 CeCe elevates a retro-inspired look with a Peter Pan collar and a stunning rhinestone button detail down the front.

════════════════

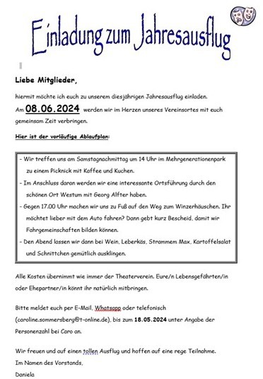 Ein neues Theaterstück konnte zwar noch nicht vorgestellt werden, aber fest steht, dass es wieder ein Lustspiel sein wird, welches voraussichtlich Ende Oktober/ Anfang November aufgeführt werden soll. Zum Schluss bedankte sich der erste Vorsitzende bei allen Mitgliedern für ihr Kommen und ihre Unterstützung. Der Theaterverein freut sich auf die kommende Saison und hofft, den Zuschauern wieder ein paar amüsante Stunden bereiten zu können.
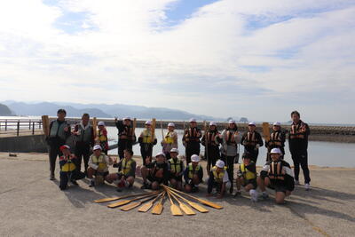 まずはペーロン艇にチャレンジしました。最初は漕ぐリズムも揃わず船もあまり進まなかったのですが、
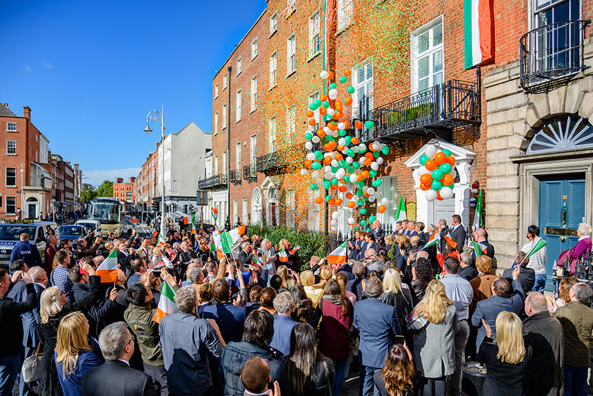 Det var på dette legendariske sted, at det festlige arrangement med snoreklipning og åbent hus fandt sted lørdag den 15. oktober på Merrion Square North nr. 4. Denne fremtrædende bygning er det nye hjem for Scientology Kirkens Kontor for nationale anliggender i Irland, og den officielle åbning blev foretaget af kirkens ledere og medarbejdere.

════════════════

# Action item:
Above are some entries. Restate word for word the lines from the one holding "まずはペーロン艇にチャレンジ" through the one holding "Det var på dette", but not the pictures.

# Result:
 まずはペーロン艇にチャレンジしました。最初は漕ぐリズムも揃わず船もあまり進まなかったのですが、
 Det var på dette legendariske sted, at det festlige arrangement med snoreklipning og åbent hus fandt sted lørdag den 15. oktober på Merrion Square North nr. 4. Denne fremtrædende bygning er det nye hjem for Scientology Kirkens Kontor for nationale anliggender i Irland, og den officielle åbning blev foretaget af kirkens ledere og medarbejdere.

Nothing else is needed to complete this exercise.